Well, as I say to my students. “There are two sorts of artists..those who say ‘yes’ and those who say ‘no’ ”. I say ‘yes’, and figure out “How” as I move along! I fell into acting through a chance meeting with a director, Franc Roddam (Quadrophenia) at Cabaret Futura. He introduced me to an agent, and within a couple of years I had worked with Jack Nicholson and Tim Burton onBatman, Neil Jordan and Bob Hoskins on Mona Lisaand Kevin Costner and Alan Rickman on Robin Hood. I am the luckiest man alive! As anyone who comes to the show will hear! I am the only man alive who has worked with the Pistols, Jack Nicholson, Jarvis Cocker, Marianne Faithfull, Anita Pallenberg, Tom Waits, Damon Albarn, Harry Potter and Gavin Bryars!
Punks and Drunks and Flicks and Kicks came out in 2005. Obviously you’ve done a lot since then. Any thoughts of a sequel?
There is a whole lot more to tell!
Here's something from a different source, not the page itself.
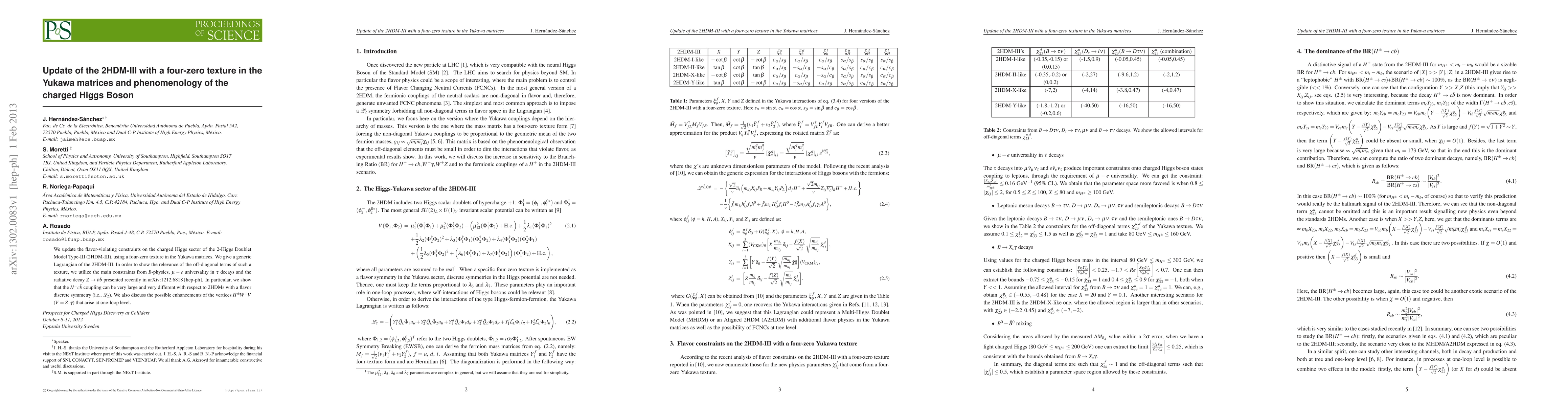 This paper updates the charged Higgs sector of the 2HDM-III model with a four-zero texture in Yukawa matrices, exploring flavor-violating constraints and the phenomenology of the charged Higgs boson. It highlights significant off-diagonal terms and discusses potential enhancements in $H^\pm W^\mp V$ vertices.

The cut-off point for volume 1 was 2001, when I was 50 years old and considered myself old enough to write a memoir (nowadays you’re old enough at 18!) But in the last 22 years so much has happened…doing the Lou Reed tour, the Black Rider tour with Marianne and Tom Waits, the NRLA, The Tate Gallery, Glastonbury, performing my 1981 concept album The Phenomenal Rise of Richard Strangein its entirety, making a new Double CD with TV Smith of the Adverts, due out early May, called A DFFRNT WRLD.
What should audiences who may not know your work expect from the show, then?
An irreverent romp through the last 50 years of popular culture by someone who has lived it up to his neck, illustrated with songs, film clips, stories, anecdotes, scurrilous gossip and shameless name-dropping!
Richard Strange – An Accent Waiting to Happen – Voodoo Rooms, Edinburgh, Saturday 22ndApril, 7.30pm.